That can’t work since Dir.foreach yields only the filenames of the files
in the directory to the block, not the directory the files are actually
in. So suppose you have:

dir/my_file
dir/my_second_file

By calling Dir.foreach(“dir”) you’ll get “my_file” and “my_second_file”.
Your File.file? statement then checks for the presence of the filenames
in the current working directory – where they don’t reside. Solution:
Append “dir” to the filename.

def get_files(dir)
pwd_files = Array.new

Dir.foreach(dir) do |entry|
path = File.join(dir, entry)
pwd_files.push(path) if File.file?(path)
end
pwd_files
end

And please use snake_case for your method and variable names.

Marvin

Kyle_Barbour · August 2, 2010, 4:15pm

James H.on wrote:

In either case, you’ve hit something that interests me. Conceptually,
I’d understood that the difference between an @-prepended variable and a
non-@-prepended variable is that the former is global to the object, so
it’s not impacted by the change in scope introduced by defining a method
inside the object. So I figured that describing the @ character as
changing the internal scope of a variable from local to global inside
the object wouldn’t be entirely missing the mark. But it’s possible I’m
missing something.

They are different in both scope and lifetime.

Instance variables (@foo) are a property of the object instance itself,
and once set, they remain for as long as the object exists, or until
reassigned. Calls to methods of the same object will see the same value
of @foo - even multiple concurrent calls in different threads.

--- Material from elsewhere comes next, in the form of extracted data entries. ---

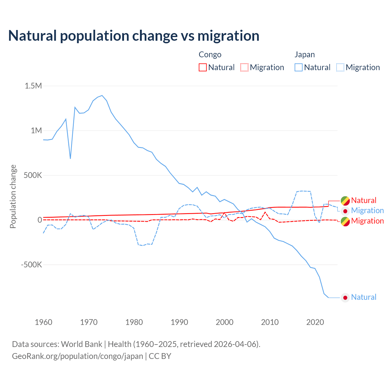 Over the last 10 years, 94% of the population change in the Congo is from natural causes (a gain of 1,434,056 people) and 6.04% is from migration (a loss of 92,251 people). In Japan 73.6% is from natural causes (a loss of 5,178,838 people) and 26.4% is from migration (a gain of 1,860,103 people).
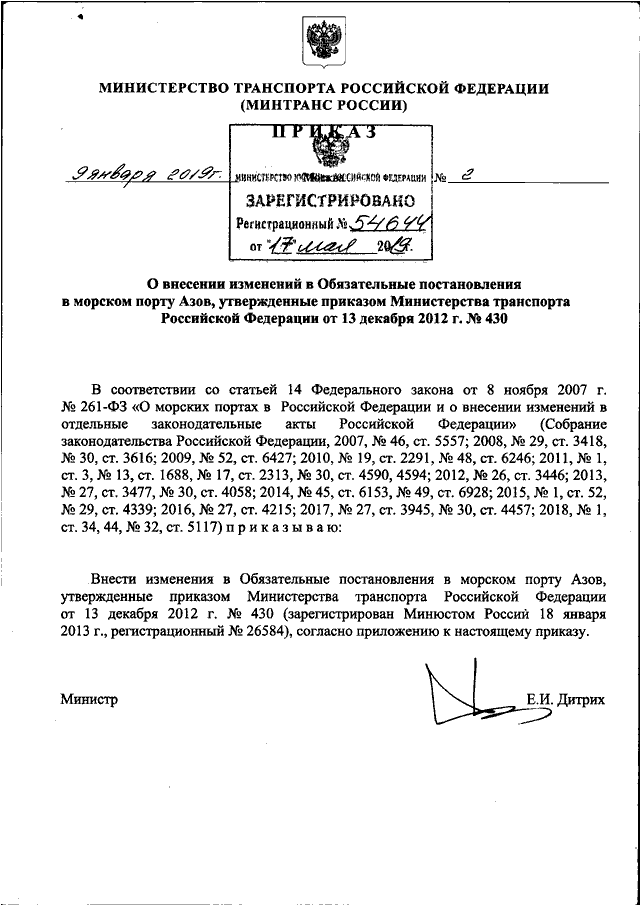 ПРИКАЗ Минтранса РФ от 09.01.2019 N 2
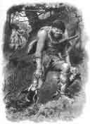The news of Jack's victory soon spread over all the West of England, so that another giant, named Blunderbore, hearing of it, vowed to be revenged on the little hero, if ever it was his fortune to light on him. This giant was the lord of an enchanted castle situated in the midst of a lonesome wood. Now Jack, about four months afterwards, walking near this wood in his journey to Wales, being weary, seated himself near a pleasant fountain and fell fast asleep. While he was enjoying his repose, the giant, coming for water, there discovered him, and knew him to be the far-famed Jack, by the lines written on the belt. Without ado, he took Jack on his shoulders and carried him towards his enchanted castle. Now, as they passed through a thicket, the rustling of the boughs awakened Jack, who was strangely surprised to find himself in the clutches of the giant. His terror was not yet begun, for on entering the castle, he saw the ground strewed with human bones, the giant telling him his own would ere long increase them. After this the giant locked poor Jack in an immense chamber, leaving him there while he went to fetch another giant living in the same wood to share in Jack's destruction. While he was gone, dreadful shrieks and lamentations affrighted Jack, especially a voice which continually cried--
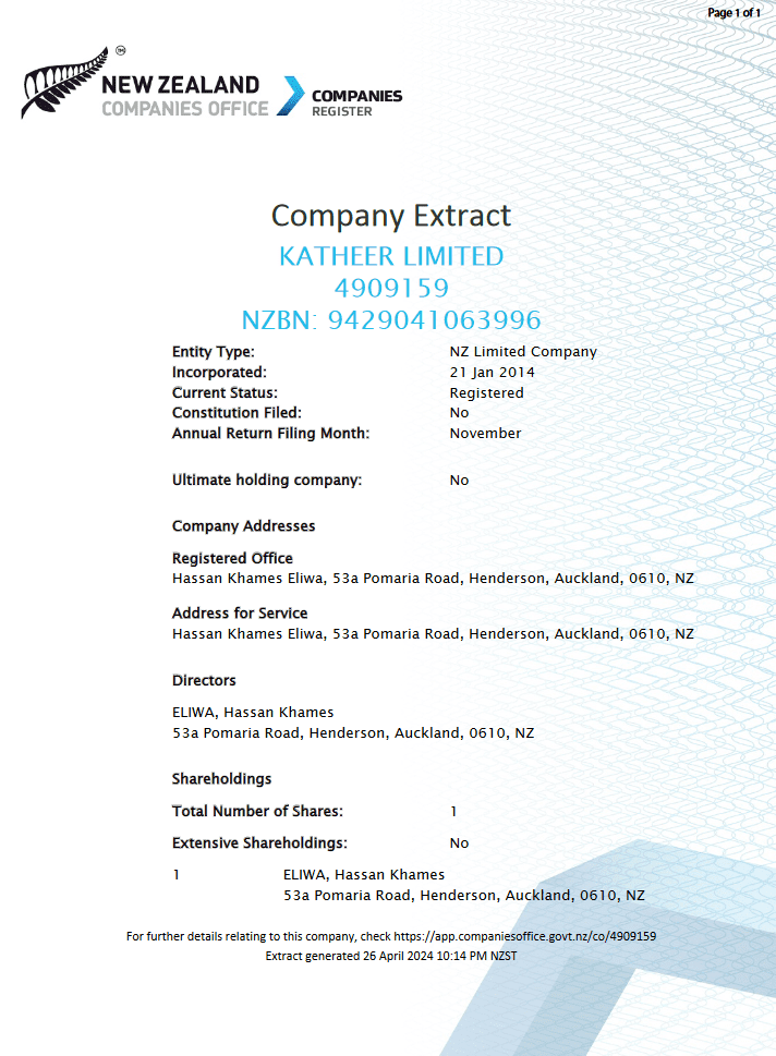 - Katheer Limited LTD, New Zealand
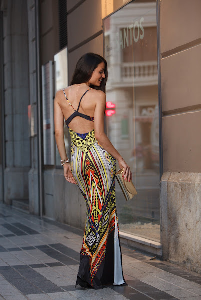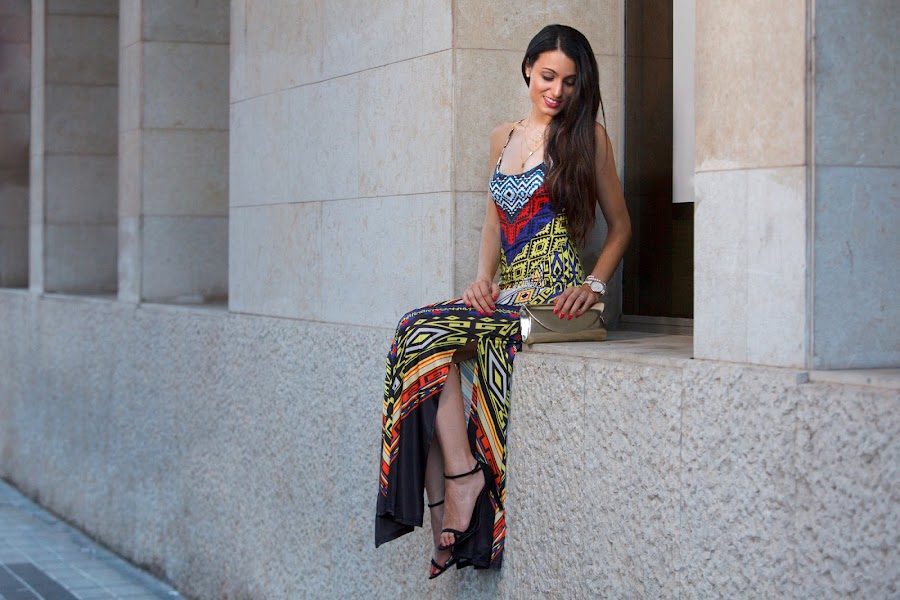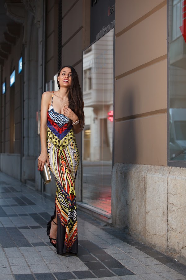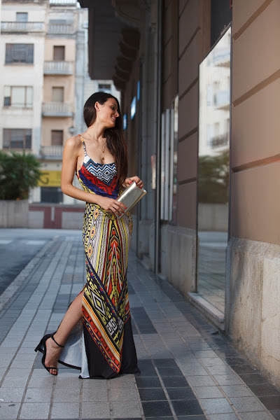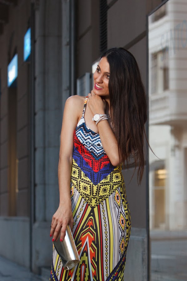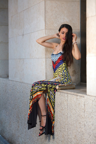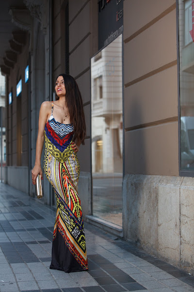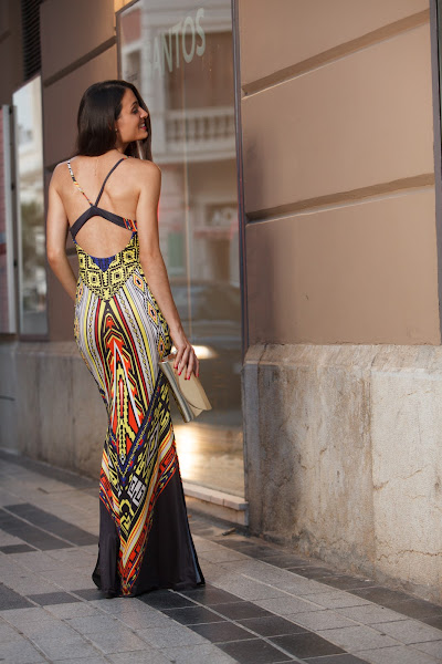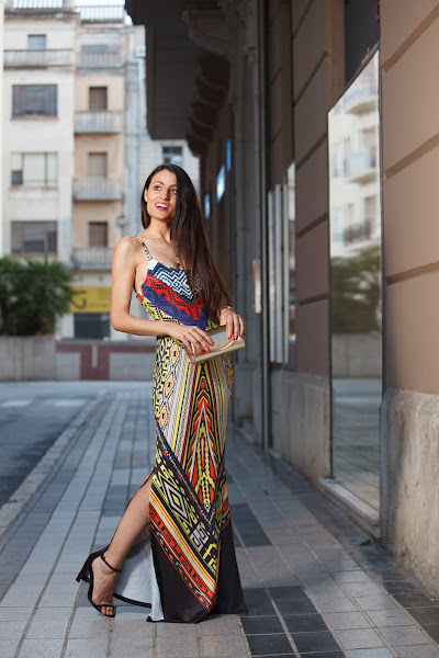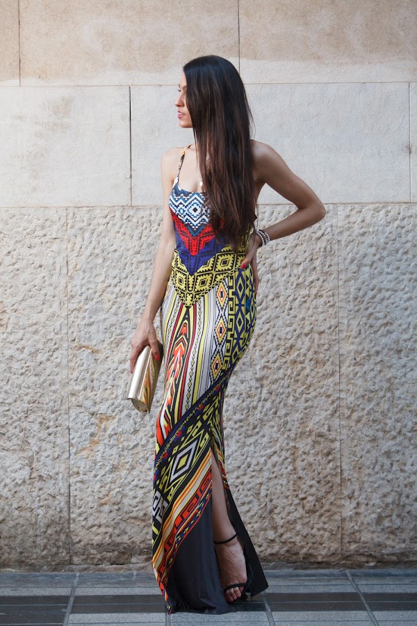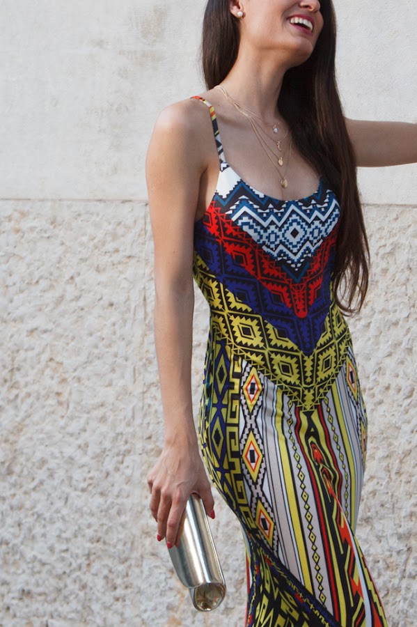 Estoy completamente enamorada de este vestido! Me encanta el corte estilo sirena y su alegre y colorido estampado étnico. El tejido es elástico por lo que se adapta genial y resulta muy cómodo.
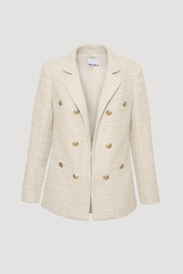 Women’s tweed blazer, adorned with Weill custom gold buttons
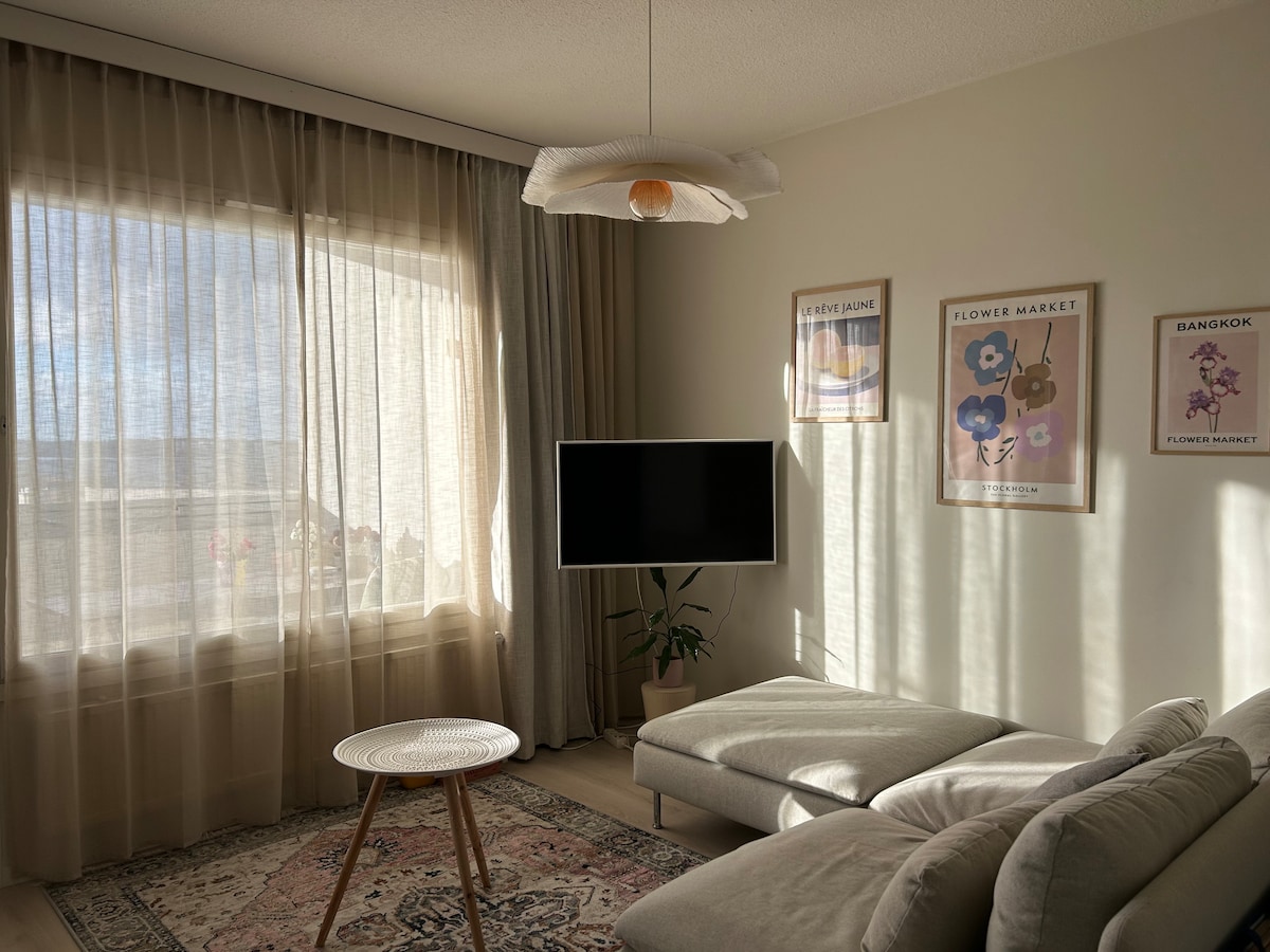 タンペレの中心部の近くにある、ナシヤルビ湖のユニークな景色を望むスタイリッシュなテラスアパートメント。モダンなアパートには、短期滞在に必要なものがすべて揃っています。隣には公園、レクリエーションルート、海岸線、水浴場があります。地域の雰囲気はリラックスしてユニークです。この地域は美しい水域に囲まれており、サルカンニエミ、鉄道駅、中心部は徒歩圏内、約1.5 kmです。寝室にはダブルベッド、リビングルームには必要に応じて折りたたみマットレスやエアマットレス、ベビーベッドもご用意しております。
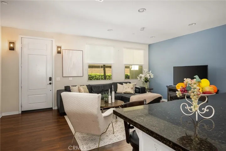 Welcome to this beautifully upgraded end-unit Smart Condo with townhome-like features, perfectly situated in the sought-after Agave community of Portola Springs. This residence offers refined California living on a quiet, tree-lined street, with a layout that blends comfort, style, and function. The open-concept main living space is filled with natural light, featuring rich hardwood floors, custom window treatments, and an inviting ambiance. The gourmet kitchen boasts granite countertops, high-end Bespoke Samsung appliances, a large center island, and abundant cabinetry—perfect for culinary enthusiasts and entertaining alike. A downstairs bedroom and full bath provide flexibility for guests or a home office, while upstairs, the spacious primary suite offers a generous walk-in closet, dual vanities, and a sleek walk-in shower. Additional highlights include Smart Home technology, an EV charger, central heating and cooling, in-unit laundry, and an attached 2-car garage. Enjoy a private gated patio for outdoor dining or relaxation, and take advantage of the community’s resort-style amenities—pools, parks, and scenic trails. Located minutes from the Great Park, Irvine Spectrum, Woodbury Town Center, and award-winning Irvine Unified schools, this home delivers the perfect balance of luxury, location, and lifestyle.
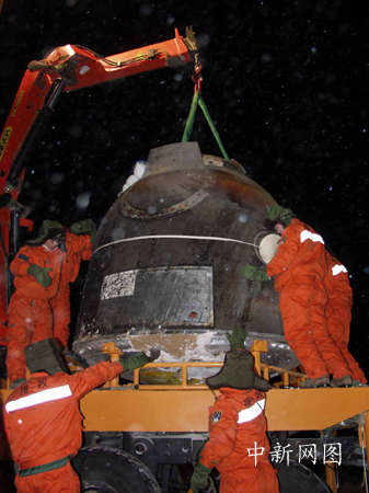 返回艙在內(nèi)蒙古草原著陸后,被吊裝入專(zhuān)用卡車(chē)沿公路運(yùn)往北京。孫陽(yáng) 攝

Local variables are created in an activation record which is created
when the method is invoked, and so the values are not tied to the object
itself. If there are multiple calls to the method from multiple threads,
they will have their own activation records, and so independent local
variables. Normally the activation record is garbage-collected when the
method returns.

Now, I’m not sure I should be complicating things here, but activation
records may have extended lifetimes too, when closures are involved.

class Foo
def initialize(n)
@n = n
end
def make_adder(y)
lambda { |x| y + x }
end
end

f = Foo.new(1) # #<Foo @n=1>

a1 = f.make_adder(10)
a2 = f.make_adder(20)
a1.call(3) # 13
a1.call(4) # 14
a2.call(5) # 25

y is a local variable in make_adder, but it persists in the lambdas,
even after make_adder has returned. The two lambdas, a1 and a2, have
different values bound to y. But there is still only a single object of
class Foo.

My apologies if this has confused matters further But hopefully it
highlights how different these things are.

Regards,

Brian.

Kyle_Barbour · August 2, 2010, 10:10pm

Thanks for all the responses! I feel so thoroughly helped

On Aug 2, 7:01 am, Marvin Gülker [email protected] wrote:

By calling Dir.foreach(“dir”) you’ll get “my_file” and “my_second_file”.
Your File.file? statement then checks for the presence of the filenames
in the current working directory – where they don’t reside. Solution:
Append “dir” to the filename.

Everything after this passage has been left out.